Indeed, Barkley had told me before about what went wrong with the Suns back in 1994, the year after Phoenix made an appearance in the NBA Finals. There were injuries. There was discontent with contracts. There was Richard Dumas’ drug issue. There were young players — Cedric Ceballos, for one — who wanted bigger roles.
Even as the Suns won 56 games, third-best in the West, Barkley knew there was something wrong, that the team wasn’t as together as it had been the previous season. Sure enough, the Suns were ousted from the playoffs in the second round, blowing a 2-0 lead to the eventual champion Rockets.
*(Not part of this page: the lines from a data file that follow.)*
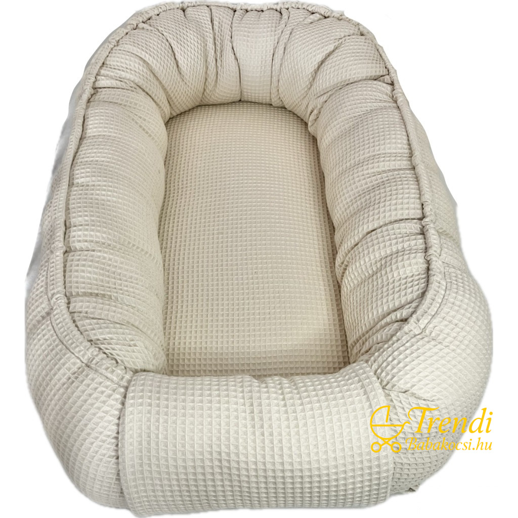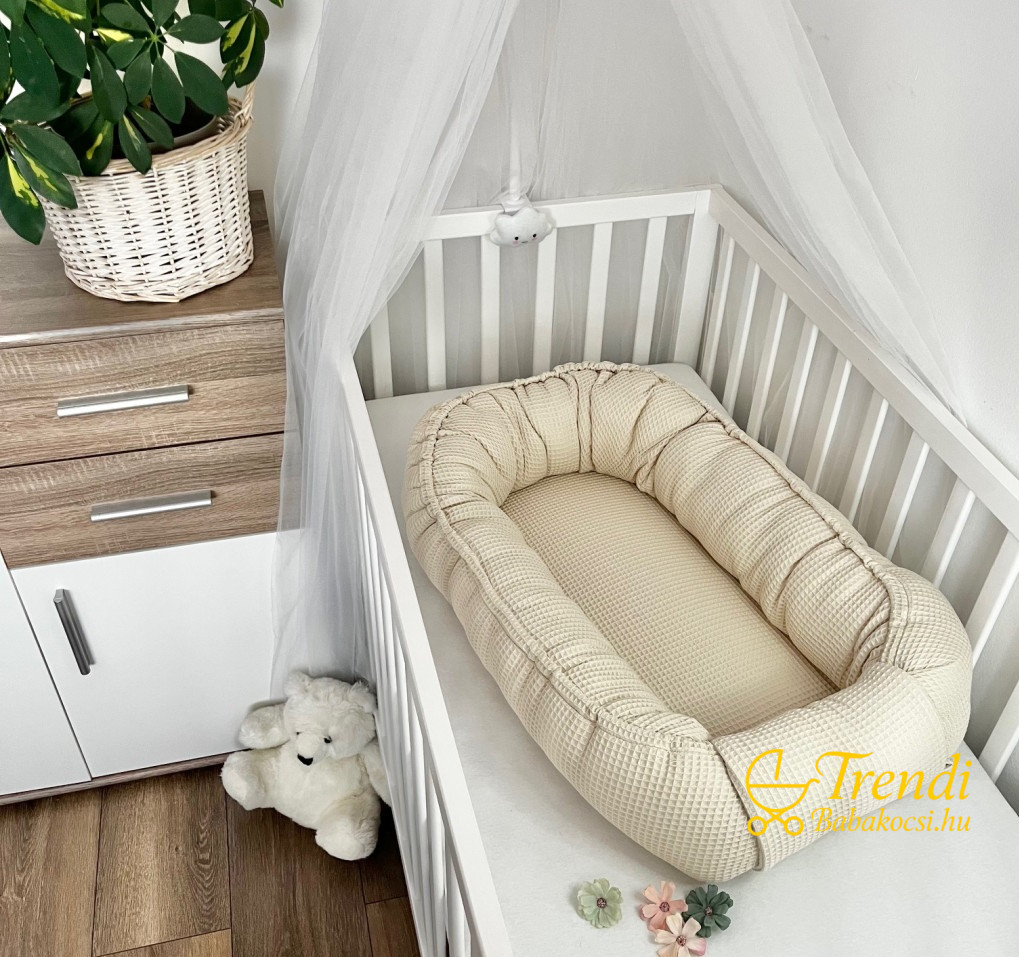 A krém színű waffle babafészek egy igazán sokoldalú és nyugalmat árasztó darab, amely minden babaszobában otthon érzi magát – és ami még fontosabb: a baba is! Ez a különleges textúrájú, 100% pamut waffle anyagból készült babafészek a méhen belüli közeghez hasonló ölelő biztonságot nyújt, amely az újszülöttek számára megnyugtató és alvássegítő hatással bír.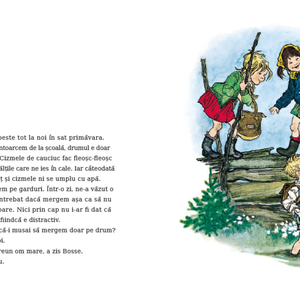 De ud, e ud peste tot la noi in sat primavara. Uneori, cand ne intoarcem de la scoala, drumul e doar o mare mocirla. Cizmele de cauciuc fac fleosc-fleosc cand calcam in baltile care ne ies in cale. Iar cateodata alunecam in sant si cizmele ni se umplu cu apa. Alteori mergem pe garduri. Intr-o zi, ne-a vazut o matusa si ne-a intrebat daca mergem asa ca sa nu ne udam la picioare. Nici prin cap nu i-ar fi dat ca facem asta doar fiindca e distractiv. „Cine a zis ca-i musai sa mergem doar pe drum?“ a spus Lasse apoi. „Probabil vreun om mare“, a zis Bosse. „Asa cred si eu“, a raspuns Lasse.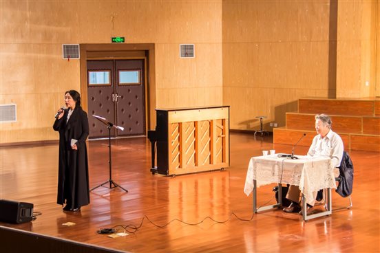 讲座由校党委副书记傅安洲教授开场致辞,米乐mile官方网站音乐表演系系主任张理副教授主持,米乐mile官方网站院长桂宇晖教授、邬海峰书记、校团委朱荆萨副书记等领导莅临现场。李光羲先生声情并茂地叙说了他歌唱生涯的特殊时代背景以及发展历程,同时由浅及深,对年轻一代的专业学习寄语良多。在讲座后半部分,李光羲先生对声乐专业的学生进行了具体的指导,指出了歌唱气息的技巧、歌唱情绪的运用等,而后唱响了当年的《祝酒歌》和流行歌曲《让我欢喜让我忧》,亲身示范了从技术到修养的完整呈现,迎得了长时间掌声无数次,其八十八岁高龄的艺术表演状态令人热泪盈眶。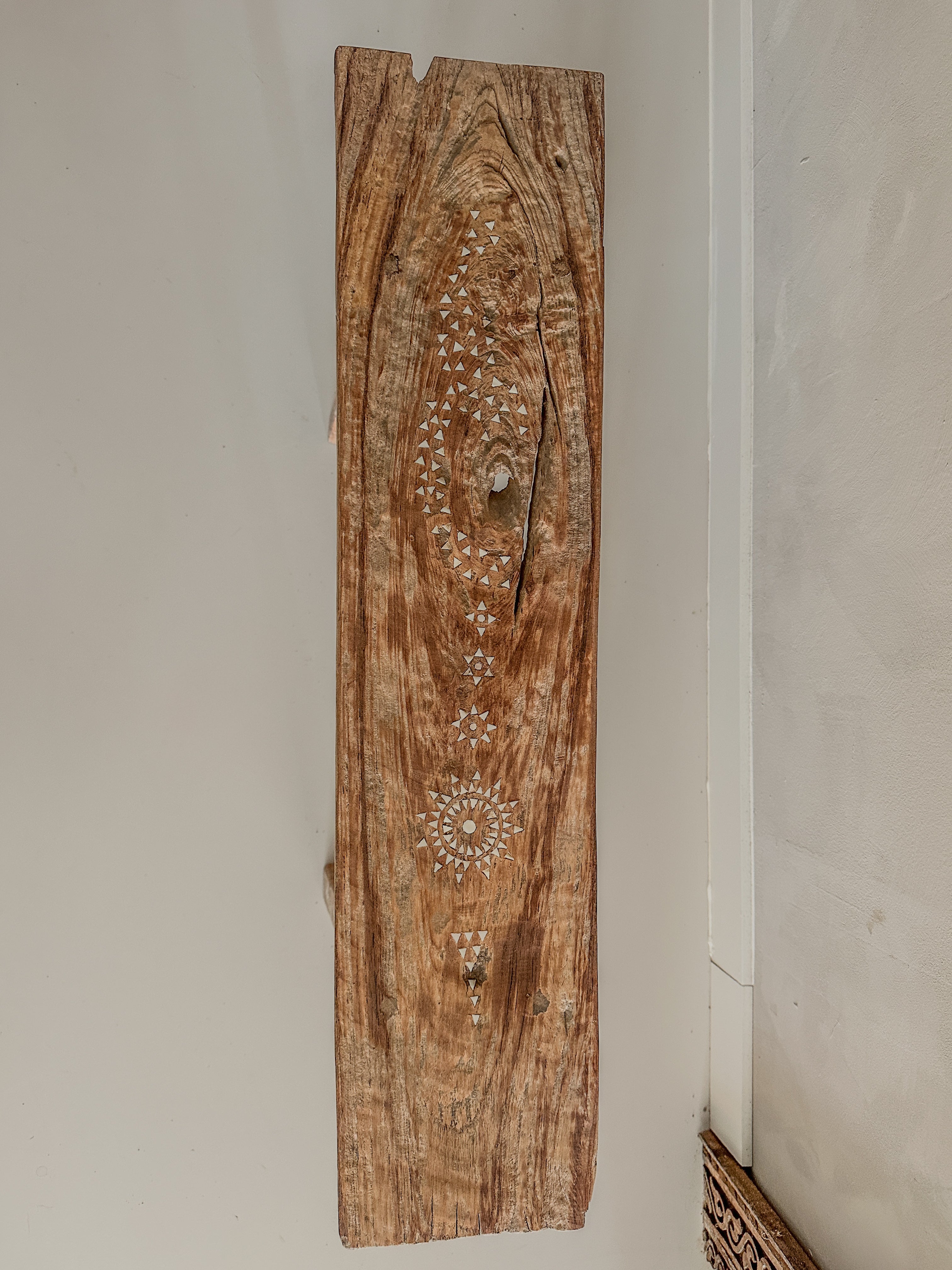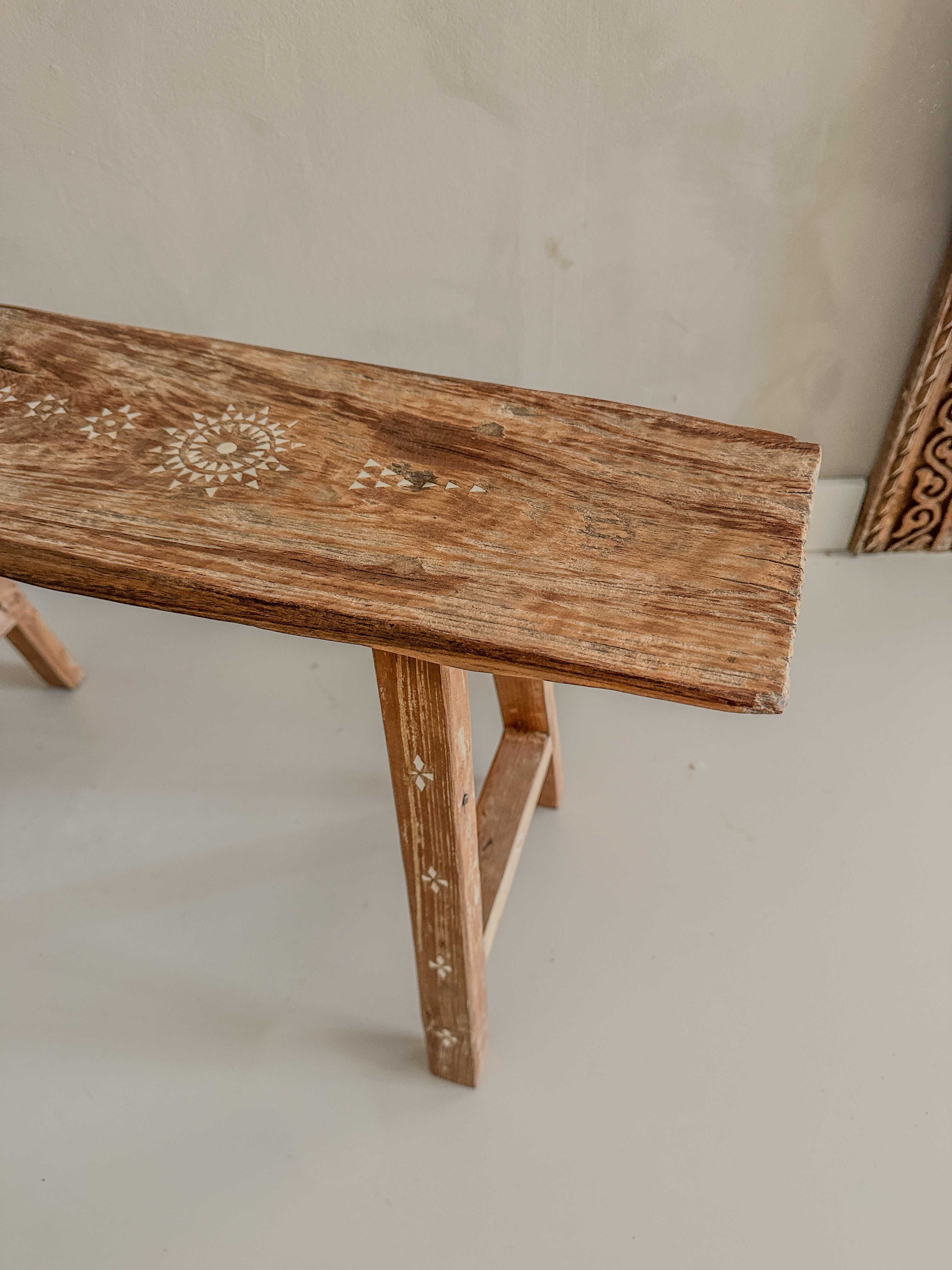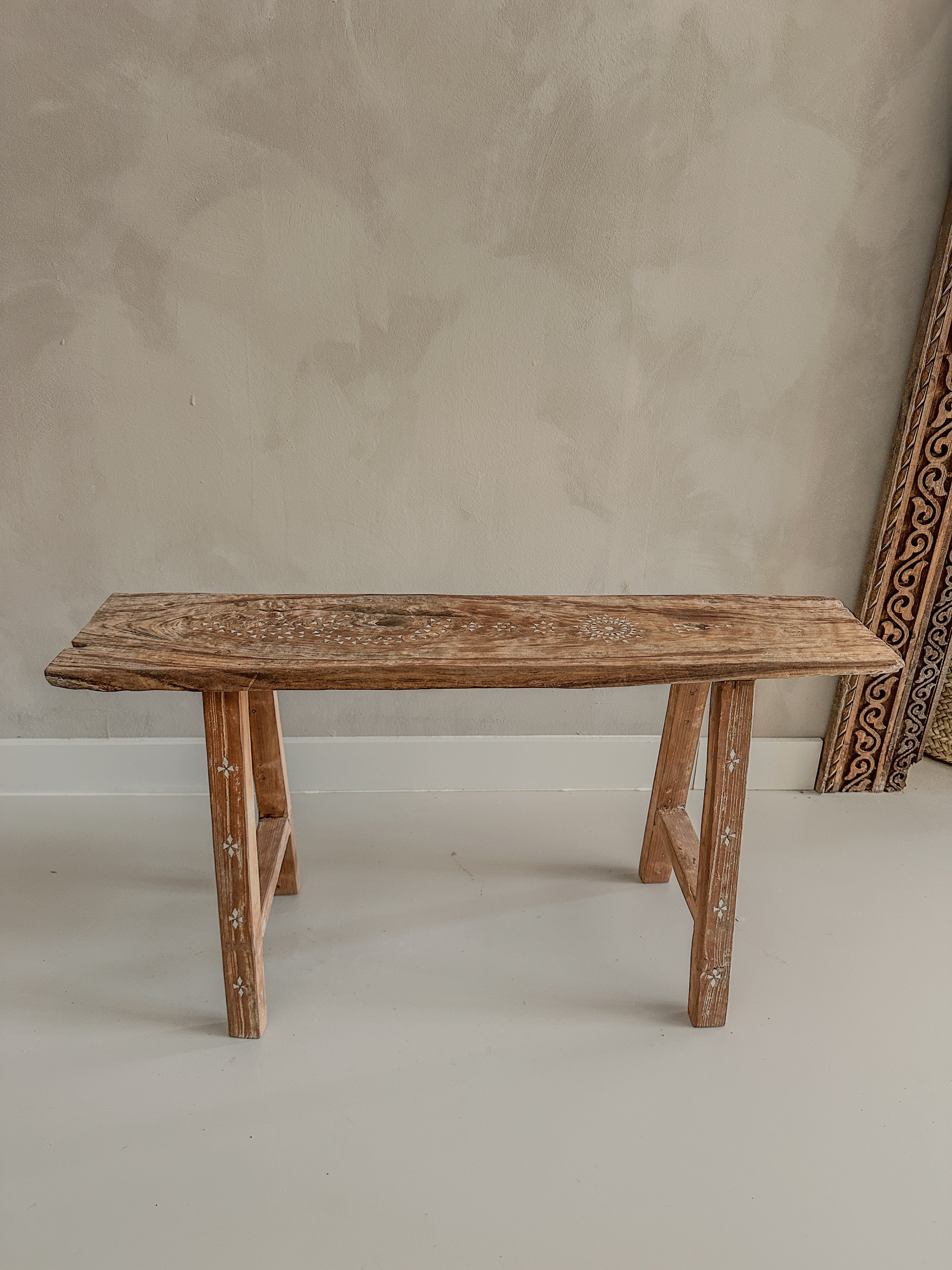 Dit prachtige houten bankje is handgemaakt van oud teak hout en versierd met subtiele ingelegde schelpjes in traditionele motieven.

“When I first went to Phoenix,” Barkley told SN, “we got together and I said, ‘We’re going to go to the Finals, and we’re going to play the Bulls.’ I remember having that conversation. ‘We’re going to play the Bulls for the championship, and I think we’re going to win.’
“But I said, ‘This is what I need: Just play. Don’t worry about playing time, don’t worry about who’s making the most money. Let’s just play.’”
In professional sports, though, it’s difficult to repeat that level of cohesion from season to season. Barkley noticed that over the course of the 1993-94 season, even as the Suns remained tops in the league in offensive efficiency (as they were in 1992-93), they slipped from ninth defensively to 16th.
“I remember the next year,” Barkley said, “guys started complaining about playing time, who made the most money, and that’s exactly what’s happening — I said that before the season now, so I’m not just saying that now — with the Celtics.”
The comparison is not perfect, of course, but Barkley’s experience with that year’s Suns does translate with what we’re seeing in Boston now, where the Celtics have lost four straight and sit in fifth place in the conference, three games behind the fourth-place Sixers and 10.5 games behind the conference-leading Bucks.
MORE: Celtics have made many changes but minimal progress
The Celtics have ample talent and entered the season as the favorites to win the East. This came after an impressive run to the brink of the Finals last year, when Boston was without stars Kyrie Irving and Gordon Hayward but still reached Game 7 of the conference finals.
Budding youngsters Jayson Tatum, Jaylen Brown and Terry Rozier (a restricted free agent this summer) helped lead the way last spring but have seen reduced roles this year. That’s been an ongoing source of tension.
“I said it is going to be interesting with this Celtics team,” Barkley said, “because Tatum and Brown got a chance to have the limelight. They’re going to want them to take a step back with Kyrie and Gordon back. I said that s— is not going to work. And it’s not working.
“And then, Rozier is like, ‘S—, I’m trying to get a deal. I’m not trying to be Kyrie’s backup.’ It’s just there now. I’ll be honest with you. I don’t know if they can come out of it.”
The hope in Boston is that the Celtics can put aside their struggles once the postseason comes, that the pressure of the playoffs will bring the team together and their superior talent level will win out. Don’t hold your breath on that, though, Barkley warns.
“To win a championship, you have to be all in,” Barkley said. “You can’t just show up for the playoffs and like, ‘OK guys, let’s turn it on.’ They’ve been too inconsistent all year. No, you can’t just show up when the playoffs start and say, ‘OK, let’s let everything be bygones.’ You’re going to have the same issues.
“Those kids still are going to want to be stars. Kyrie and Hayward are going to do their thing. Rozier is thinking like, ‘S—, I’m a free agent and I’m not even playing.’ It’s a lot of stuff going on there.”
A lot of stuff has kept this Celtics team from reaching its potential — much as a lot of stuff kept Phoenix from returning to the Finals 25 years ago.